Is ABX finally Obsolete

Status
Not open for further replies.
Let me see if I can break this down in a way that helps you understand why we don't need to invent a better double blind methodology, even if any of us were qualified to design one...

Okay then we have a situation where an audiophile claims to hear something that is not confirmed by conventional measurements. Said audiophile accepts an ABX challenge. Hs results are statistically insignificant. He say score 10 out of 20.

Whether or not the results are statistically significant is not determined by the score. It is determined by the testing methodology, the number of trials, and the margin of error.

We can come to several conclusions. He could not reliably hear the difference. Or there is something wrong with the way he approached the test. The test is fundamentally flawed. Or I have suggested the he did not want thear a difference.

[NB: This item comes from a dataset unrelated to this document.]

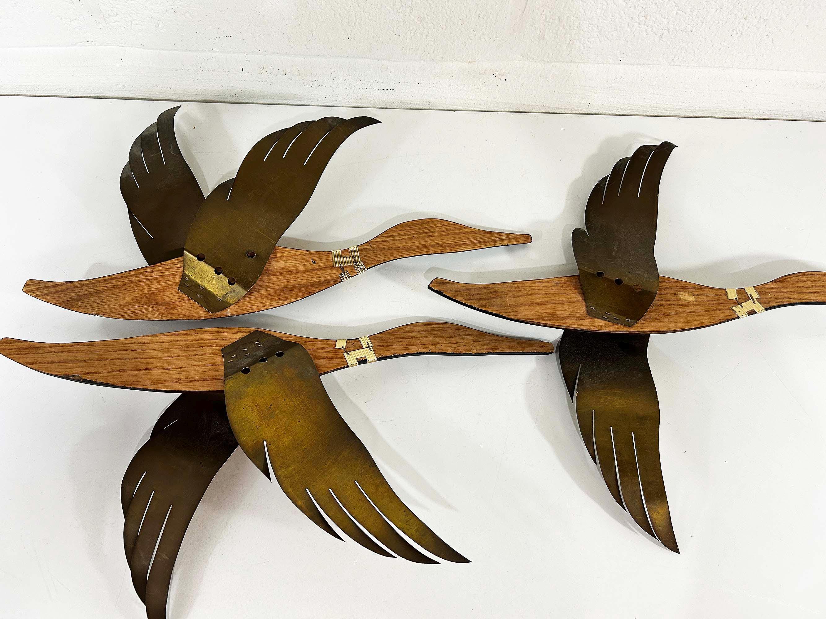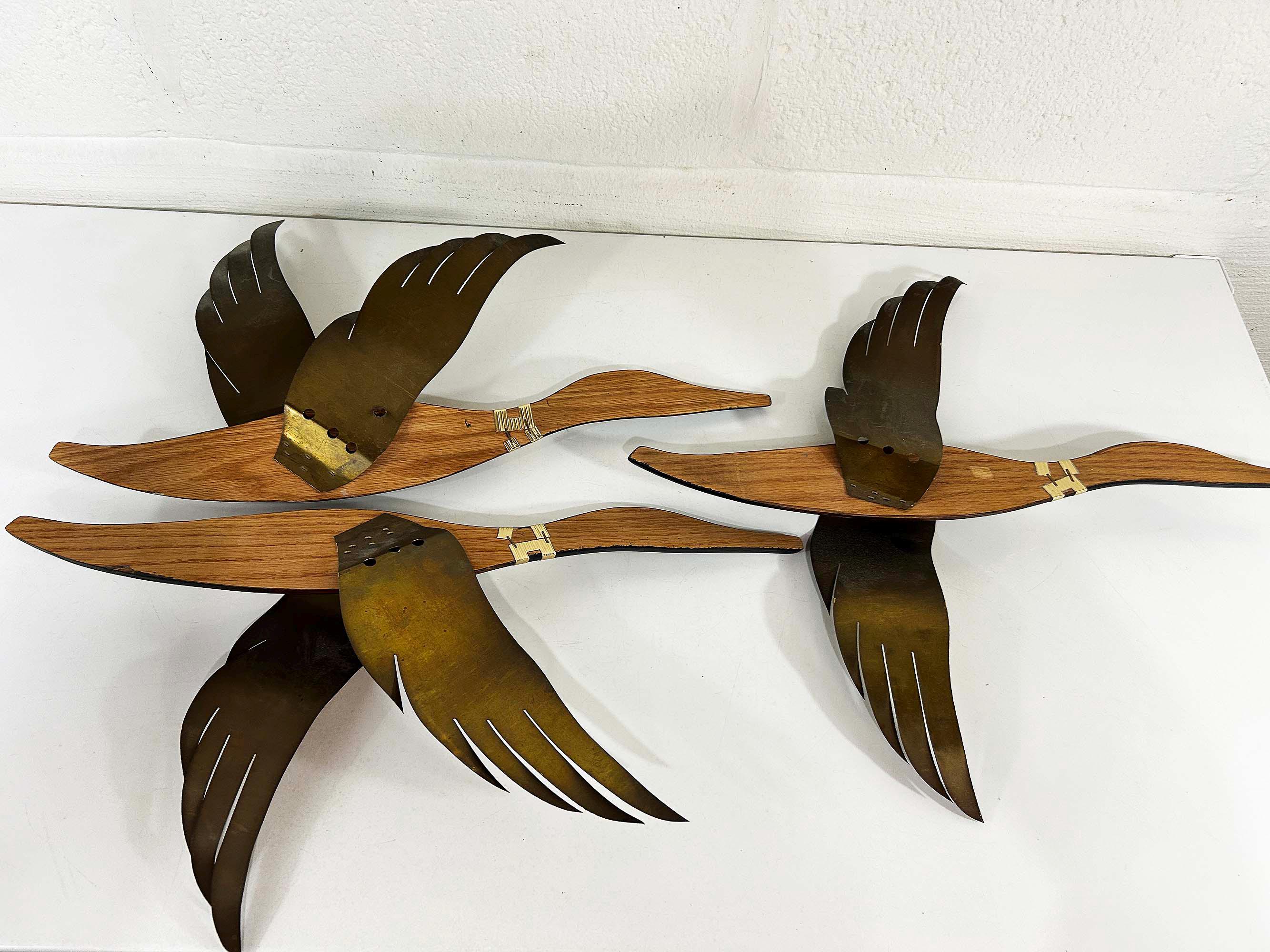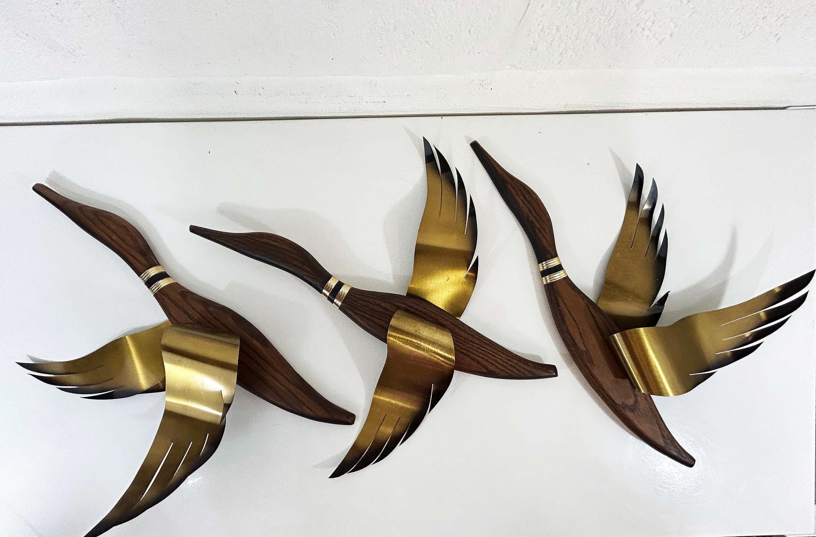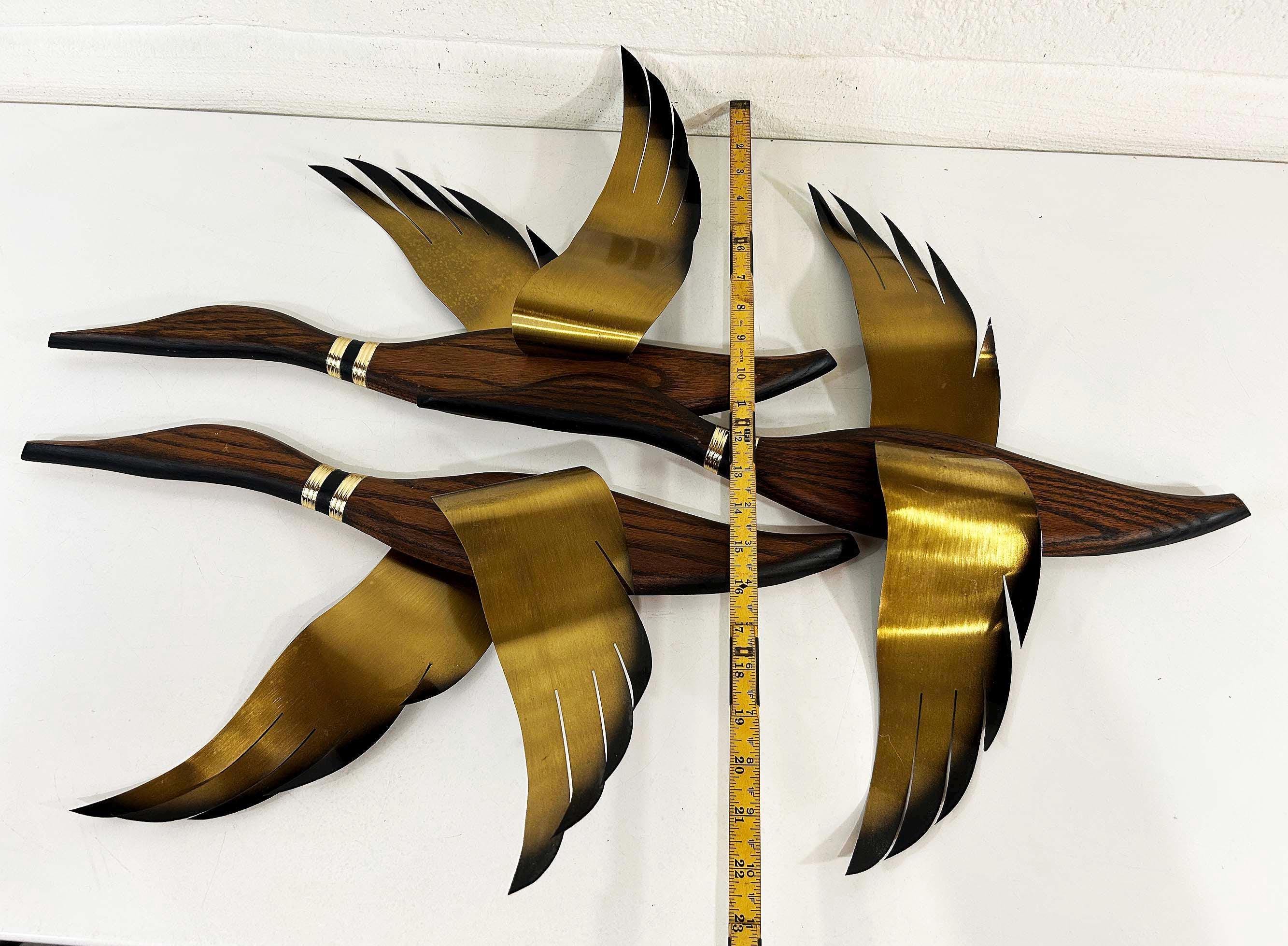 Very mid-century teak and metal 3D flying geese set of 3. All are in great vintage condition with no significant flaws. They are all approximately 22 inches long and they range in height from 11 to 19 inches depending on their wingspan.

If the methodology is sound, and enough trials are run to exceed the margin of error, the audiophile's score of 10 correct out of 20 concludes, statistically, that he could not reliably hear the difference. Period. Not I, or anyone with any sense, would argue that ABX testing is conclusive regardless of the quality of the execution. I've run quite a few casual, blind A/B listening test on myself, at home. I understand that I've only made a point for myself when I've done so. I can't speak for anyone else, but that kind of ABX testing is not what I'm talking about here. I'm talking about the kind Meyer and Moran did. The kind Stereophile did in comparing amps years ago, the kind Harman is doing all the time in their labs.

Many have suggested the problem is auditory memory.

Many have. It is well-understood, in scientific, not audiophile circles, that subtle differences are most reliably detected through quick switching. All hearing tests are based on this understanding. Would you endeavor to re-design your opthamologists vision test if you didn't like the results? Would you insist on a whole new, self-designed testing methodology because you were seeing an H instead of an A on that fourth line down? Or would you, perhaps, accept that the collected wisdom of the people who have long designed and excecuted vision tests might be more rational than your desire to have 20/20 vision?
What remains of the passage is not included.